Mozilla IDs 10 bugs, 3 critical, in Firefox 3.0 RC1
It could ship the browser as is, or add patches and roll out a second release candidate
Computerworld - Mozilla Corp. has identified 10 high-priority bugs in Firefox 3.0 — three of them pegged critical — but it won't decide until next week whether to release the browser anyway or restart the final stretch by issuing a second release candidate.
"We are making a go/no-go decision early next week, as we are still collecting feedback [on Release Candidate 1]," Mike Schroepfer, Mozilla's vice president of engineering, said in an e-mail Thursday.
Firefox 3.0 RC1 launched a week ago, but Mozilla has not yet committed to RC2. Previously, the company only said it is targeting June as the release window for the final code.
On the mozilla.dev.planning newsgroup, Schroepfer also said that on May 27, Mozilla will either call Firefox 3.0 finished with RC1 or build RC2 with fixes for the 10 bugs that have been collected.
In the meantime, testing will begin on the 10 bugs. "If we need to do an RC2, they'll be ready to go," he said. "If we ship RC1, we can get them in the 3.0.1."

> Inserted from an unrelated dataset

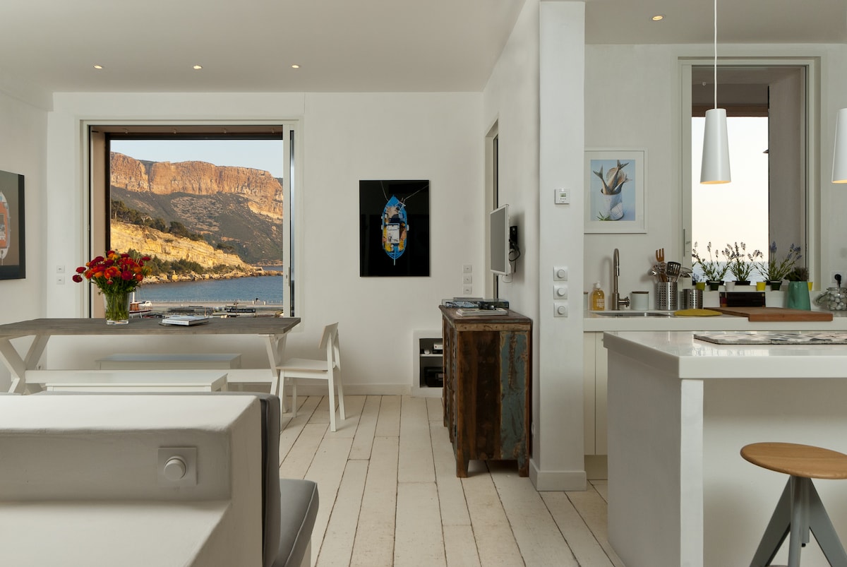 Napakagandang apartment na 42 m2 na may terrace sa daungan ng Cassis , ang sardinette ay may natatanging tanawin ng dagat at Cap Canaille. Ganap na na - renovate ng interior designer na Premium na mga amenidad at lahat ng ninanais na kaginhawaan (air conditioning, dishwasher, laundry dryer, microwave , nespresso machine). 5 minutong lakad ang maliit na setting na ito mula sa mga beach at malapit sa mga sikat na calanque ng Cassis.

The bug list includes three marked critical on Bugzilla, Mozilla's bug-tracking database and management system. Eight of the bugs affect Firefox on Windows, Mac OS X and Linux, while two affect only Linux.

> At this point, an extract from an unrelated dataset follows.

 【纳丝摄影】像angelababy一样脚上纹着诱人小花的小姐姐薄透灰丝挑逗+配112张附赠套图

One of the Linux bugs has caught the eye of some Firefox users, in part because of a short blog post that garnered attention on Digg.com. The blogger, Jason Clinton, who works for Advanced Clustering Technologies Inc., a Kansas City, Kan., company that specializes in cluster-based systems and Linux servers, took Mozilla to task.
On Tuesday, Clinton called Mozilla's support for Linux "second-class" and blasted the open-source developer over a bug. "Release managers just made the call that Firefox 3.0 will release with a known bug which brings Linux systems to their knees," he said.

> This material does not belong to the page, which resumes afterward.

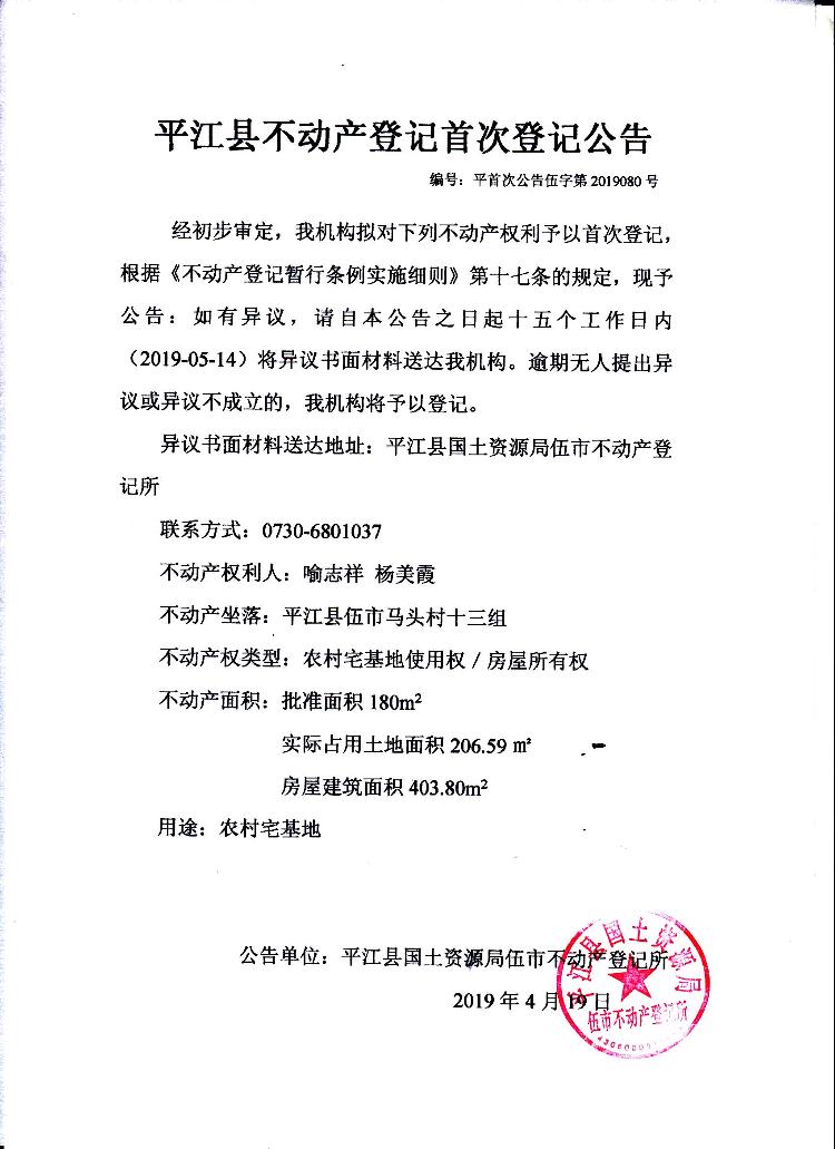 喻志祥 杨美霞 不动产首次登记公告 伍字第2019080号

The bug Clinton referenced, tagged as 421482 in Bugzilla, is one of the 10 on the list that Mozilla's using to decide whether to release Firefox 3.0 as is or craft RC2 for another go toward final code.
In Bugzilla, developers argued over the extent of the problem, which some Linux users said seriously affected Firefox's performance, as well as their systems overall. They also argued over where the fault lies — in the browser or in SQLite, the database Firefox uses for its revamped bookmark and history feature, dubbed Places.
On Wednesday, in a separate e-mail, Schroepfer said that Mozilla developers were looking into the bug and confident that a solution had been found. "You can see that a couple different issues have been accidentally confused," he said. "Overall, I think we have some good options to make this work well."
Firefox 3.0 will be the first major upgrade to the browser since October 2006. But Mozilla may ship another version before the end of the year, Schroepfer has said, in order to add features that weren't ready in time for Firefox 3.0.
Firefox 3 RC1 can be downloaded for Windows, Mac OS X and Linux in 41 languages from Mozilla's site.